Imanol Idiakez parece haber dado con un once tipo. Prácticamente el mismo al que había llegado en el comienzo de la temporada, antes de que las lesiones le obligaran a ponerse de nuevo a buscar.
Contar con un grupo de titulares definido tiene obvias ventajas: la principal, el conocimiento de los mecanismos que lleva a que el fútbol fluya de manera natural. Cada uno sabe dónde va a encontrar a su compañero y qué zonas debe ocupar para favorecer al resto. Entre los problemas de la situación, otro muy evidente: el riesgo de que bajen los brazos aquellos que van dejando de contar para el entrenador.

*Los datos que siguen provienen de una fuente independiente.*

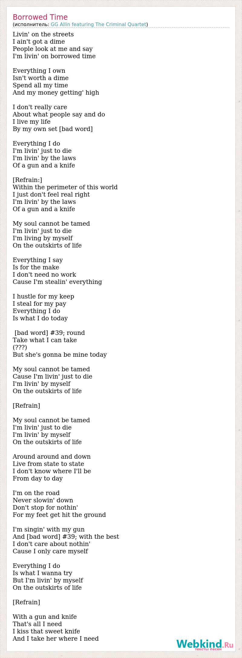 Livin' on the streets I ain't got a dime People look at me and say I'm livin' on borrowed time Everything I own Isn't worth a dime Spend all my time And my money getting' high I don't really care About what people say and do I live my life By my own set [bad word] Everything I do I'm livin' just to die I'm livin' by the laws Of a gun and a knife [Refrain:] Within the perimeter of this world I just don't feel real right I'm livin' by the laws Of a gun and a knife My soul cannot be tamed I'm livin' just to die I'm living by myself On the outskirts of life Everything I say Is for the make I don't need no work Cause I'm stealin' everything I hustle for my keep I steal for my pay Everything I do Is what I do today [bad word] #39; round Take what I can take (???) But she's gonna be mine today My soul cannot be tamed Cause I'm livin' just to die I'm livin' by myself On the outskirts of life [Refrain] My soul cannot be tamed I'm livin' just to die I'm livin' by myself On the outskirts of life Around around and down Live from state to state I don't know where I'll be From day to day I'm on the road Never slowin' down Don't stop for nothin' For my feet get hit the ground I'm singin' with my gun And [bad word] #39; with the best I don't care about nothin' Cause I only care myself Everything I do Is what I wanna try But I'm livin' by myself On the outskirts of life [Refrain] With a gun and knife That's all I need I kiss that sweet knife And I take her where I need
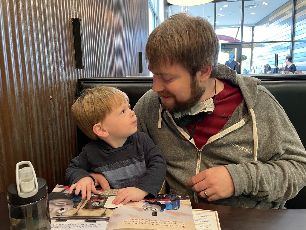 Grandson James spent the night Sunday and was here until after school Monday when his parents demanded him back. I have found a joy, a joy sufficient to last through another not quite normal Christmas. James born on June 27 will be two and one half this Christmas. He loves the lights, decorations, and the carols. James is not excited, actually rather unsure of these characters in red suits and white beards. He does think white hair and scruff-ly white beards are perfectly acceptable. He delights in his grandparents; he is fortunate to see all of his grandparents for at least one overnight a week. He then is joyous to return home to find his mommie and daddy. James is Joy personified. I didn’t have to look too far to find joy this year. James has no list nor a long hoped for gift. He is surrounded by childish delights – old boxes that open and then close with a snap. He would have no interest in the long-forgotten ring the box once held. We discovered a great toy in the garage last week. Someone once gave our sons toy semi- trucks; I do not remember who. Nancy added the required four batteries, and the toy came to life. It will engage in all the sound of an over the road truck. When turned on, and James knows how, it sounds like an idling diesel. Air brakes pop, if backed there is a warning beep, the throat of the engine is heard when pushed forward. Another feature is when someone pushes down on the air horns the piercing sound of warning is heard. Nearly faded from memory the sound has returned. The truck’s warning now alerts scattered blocks and action figures to clear the way. James is very taken with the air horn and Nancy is less so – one might say not taken but given to annoyance.
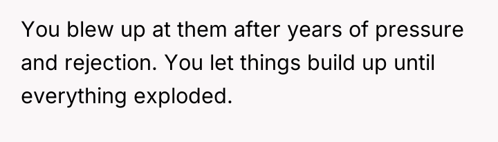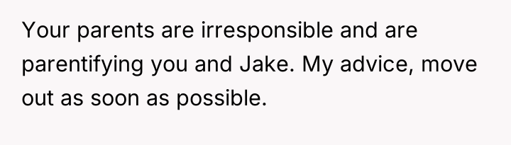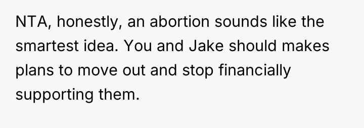 The parents' decision to have another child while already financially precarious and dependent on their healthy children's labor demonstrates a significant lack of responsibility and a failure to acknowledge the emotional and financial debt incurred by the OP and Jake. The OP's explosive reaction, including suggesting an abortion, while harsh, is a predictable outcome of prolonged emotional suppression and resentment over constantly deferred personal goals (the trip, moving out). Her subsequent departure, while perhaps not the most strategic communication choice, is a clear attempt to enforce a boundary when verbal communication failed to change the underlying unsustainable dynamic.
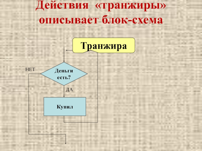 Деньги есть?КупилДАНЕТТранжира Действия «транжиры» описывает блок-схема
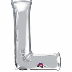 Velký fóliový balónek supershape ve tvaru písmene L ve stříbrné barvě, díky kterému můžete poskládat jméno oslavence na jeho narozeninové párty. Velikost balónku je 58 x 81 cm

La situación, mucho más habitual hace años, cuando apenas se rotaba y el control de cargas era menor, podría terminar pasando factura al Deportivo según avance el curso si se enrarece el ambiente del vestuario. Sin embargo, no parece que este sea el caso. Por un lado, el rendimiento de quienes juegan debería diluir cualquier resentimiento en quienes participan menos, ya que el conjunto coruñés domina los partidos con autoridad. Por otro, veteranos como Salva Sevilla (y es él quien me parece el mejor ejemplo) han demostrado a lo largo de su carrera una profesionalidad tranquilizadora.
Por supuesto que a ningún jugador le gusta pasar los partidos en el banquillo, pero la profesión no se limita solo a los fines de semana y en el sueldo, como suele decirse, va también el trabajo diario. A partir de ahí, es clave el papel del míster a la hora de gestionar egos. Las temporadas, como recordaba recientemente Idiakez, siempre ofrecen oportunidades a quienes parecen contar menos, en forma de lesión o sanción. Se trata de aprovecharlas cuando llegan y eso, por muy duro que le resulte a los suplentes habituales, solo se consigue sin bajar los brazos hasta el final.